Down to the last line, print the data that follows exactly, without its pictures.

> **Dataset extract**
╭──

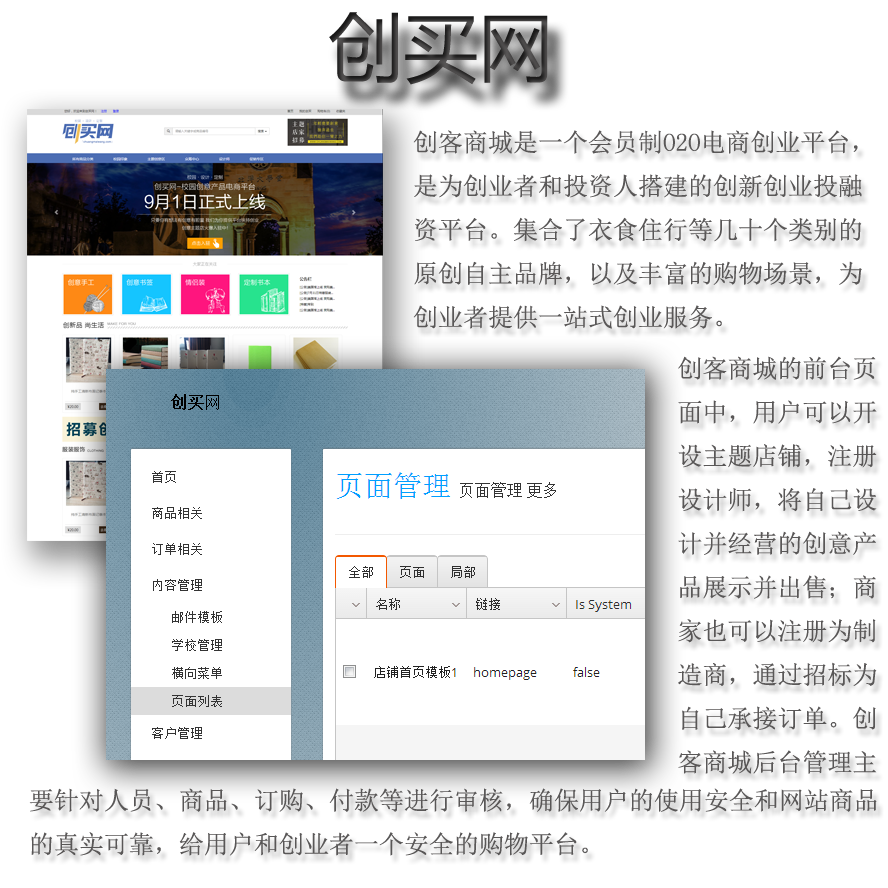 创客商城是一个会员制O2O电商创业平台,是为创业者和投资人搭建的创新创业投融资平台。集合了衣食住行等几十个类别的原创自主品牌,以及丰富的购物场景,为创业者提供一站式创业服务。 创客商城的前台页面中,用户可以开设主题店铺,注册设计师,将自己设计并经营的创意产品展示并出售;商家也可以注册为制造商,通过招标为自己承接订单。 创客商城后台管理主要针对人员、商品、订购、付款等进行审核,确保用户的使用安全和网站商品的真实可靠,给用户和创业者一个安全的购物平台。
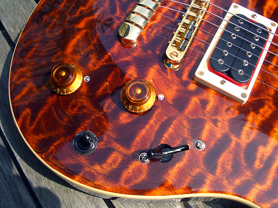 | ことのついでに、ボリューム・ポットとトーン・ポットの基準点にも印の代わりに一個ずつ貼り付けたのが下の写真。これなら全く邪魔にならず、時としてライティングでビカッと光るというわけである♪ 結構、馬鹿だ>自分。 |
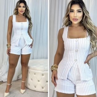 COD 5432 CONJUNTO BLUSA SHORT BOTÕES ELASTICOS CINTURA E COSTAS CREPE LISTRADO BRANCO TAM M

╰──

> **Solved problem**
 创客商城是一个会员制O2O电商创业平台,是为创业者和投资人搭建的创新创业投融资平台。集合了衣食住行等几十个类别的原创自主品牌,以及丰富的购物场景,为创业者提供一站式创业服务。 创客商城的前台页面中,用户可以开设主题店铺,注册设计师,将自己设计并经营的创意产品展示并出售;商家也可以注册为制造商,通过招标为自己承接订单。 创客商城后台管理主要针对人员、商品、订购、付款等进行审核,确保用户的使用安全和网站商品的真实可靠,给用户和创业者一个安全的购物平台。
 | ことのついでに、ボリューム・ポットとトーン・ポットの基準点にも印の代わりに一個ずつ貼り付けたのが下の写真。これなら全く邪魔にならず、時としてライティングでビカッと光るというわけである♪ 結構、馬鹿だ>自分。 |
 COD 5432 CONJUNTO BLUSA SHORT BOTÕES ELASTICOS CINTURA E COSTAS CREPE LISTRADO BRANCO TAM M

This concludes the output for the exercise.